MinnMan 09-13-13 10:05 AM

Stage 19: OMG

ahsposo 09-13-13 10:15 AM

Yeah! Go Horner!

Caretaker 09-13-13 10:17 AM

Quote:

Originally Posted by jyl (Post 16061618)
Nibali seems to be getting weaker daily. Valverde and Rodriguez seem to be getting stronger, relatively anyway. Anyone think Valverde or Rodriguez can crack him badly enough to take 2nd? 1st even?

Not unless Nibali totally cracks. Just over a minute on Valverde and just under two on Rodriguez should be plenty. Even less likely that Horner will crack.

I think the top five positions as they are now post stage 19 will be the same in Madrid.

TallRider 09-13-13 10:30 AM

Quote:

Originally Posted by Caretaker (Post 16061754)
Not unless Nibali totally cracks. Just over a minute on Valverde and just under two on Rodriguez should be plenty. Even less likely that Horner will crack.
I think the top five positions as they are now post stage 19 will be the same in Madrid.

Agreed, this is the most likely scenario. Nibali hasn't cracked badly on any of the climbing stages in this year's Vuelta, and the only time he lost more than 30s to anyone was when Horner was still not considered as much of a threat (stage 10, I think).

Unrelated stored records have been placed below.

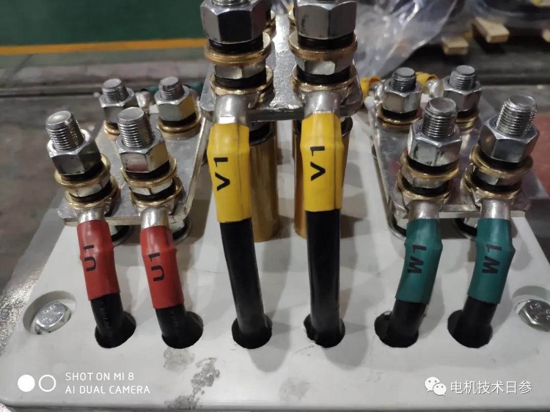 先從電機(jī)本體的引線電纜說(shuō)起,看看如何推導(dǎo)出各種復(fù)雜的問(wèn)題。三相繞組在每相的頭尾各有兩個(gè)頭,共六個(gè)頭,通過(guò)引線電纜連接到具有內(nèi)接外接功能的接線裝置(多為接線板結(jié)構(gòu)),真的不復(fù)雜。然而,對(duì)于低壓和大功率電機(jī),電流非常大。為了連接、引出和固定,每相至少要并聯(lián)三四根電纜和幾十根粗細(xì)合適的電纜,以解決生產(chǎn)加工過(guò)程中的工藝問(wèn)題。同時(shí)連接的數(shù)字電纜太多,衍生出不同類(lèi)型的接線板或接線裝置,接線裝置上必須設(shè)置相應(yīng)數(shù)量的端子或端子。至少對(duì)應(yīng)三根或四根內(nèi)部電纜(部分為并聯(lián))的用戶(hù)端是否必須匹配相同數(shù)量的外部電纜?顯然,客戶(hù)不會(huì)容忍電纜數(shù)量近乎密集的并聯(lián)方式,必須在接線板或接線裝置上設(shè)置集流條,以滿(mǎn)足客戶(hù)數(shù)量有限的外部電纜。安全的方法是通過(guò)與客戶(hù)溝通確定出線電纜的規(guī)格、型號(hào)和數(shù)量,在接線盒或接線裝置上設(shè)計(jì)合適數(shù)量和直徑的進(jìn)線孔,配置通孔直徑與出線電纜外徑相匹配的電纜連接器。接線板或接線裝置上的集電器配有專(zhuān)門(mén)用于客戶(hù)接線的接線板。
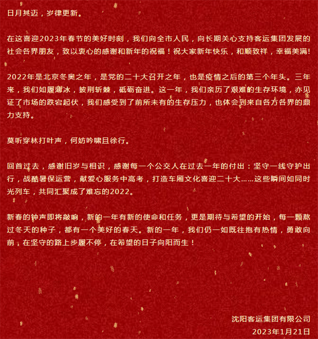沈陽(yáng)客運(yùn)集團(tuán)新春賀詞
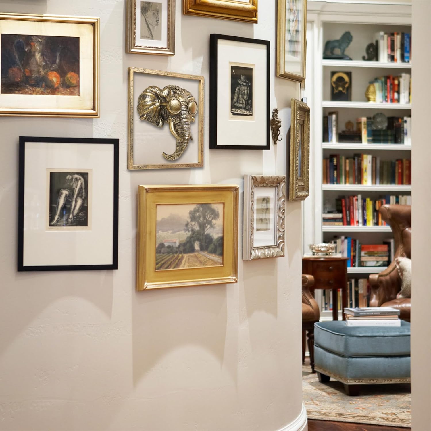 Animal Heads Wall Decor (Includes Metal Frame) Resin Animals Sculptures Head Wall Hanging Decoration Gold vintage Wall Sculpture for Living Room Bedroom Office (Elephant)
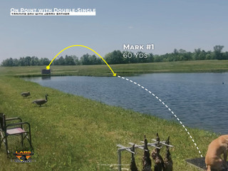 The first mark is starting in the handler’s left side. The mark flies left to right landing on the edge of the point at approximately 60 yards.
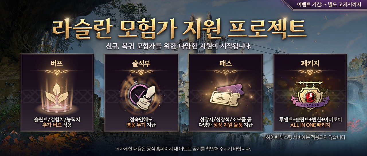 - 라슬란 지원 버프는 신규/복귀 계정 상태가 유지되는 14일간만 유지되며, 이후 다시 복귀 계정이 될 경우 동일하게 버프가 적용됩니다.
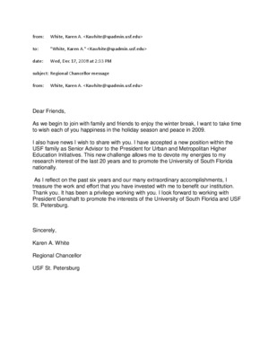 Email, Karen White to USF St. Petersburg Community, December 17, 2008
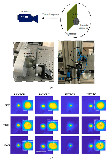 Validation using vibrothermography on four composite laminates: (a) Schematic configuration of vibrothermography; (b) Data processing results of PCT, enhanced sparse pattern extraction using VBTF and enhanced sparse pattern extraction using MoG; (c) The second sparse pattern extracted with MoG from the INTBCB and INTCBC specimens.
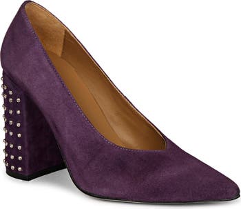Sparkly stones cover the block heel that boosts this beautiful suede pump into a league of its own.
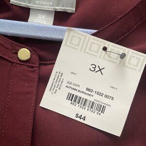 Liz Claiborne ~ Tunic Popover Top ~ 3/4 Sleeve ~ Burgundy ~ 3X ~ NWT
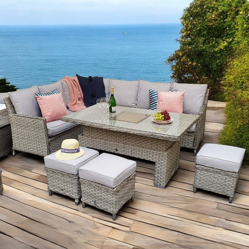 The Creative Living Georgia Grey Corner Dining Set is a stylish and contemporary solution for outdoor dining and relaxation. This 8-seater set is b...

Nibali will probably lose more time tomorrow - and it IS killer climb, so it's possible he could lose over a minute to Valverde - but odds are he loses no less than 40s.

jyl 09-13-13 11:10 AM

I was, sadly, thinking that Valverde or Rodriguez should turn themselves inside out, even risk blowing up and falling off the podium, to get into second place. Because, if something were to happen to Horner's result - just being cynical here - 2nd place would get a Vuelta 1st place.

To be very clear, I do not think Horner is doing anything untoward. But it is just good contingency planning for his competitors.

gpsblake 09-13-13 11:46 AM

Chris Horner - 42 years old and just reaching his peak.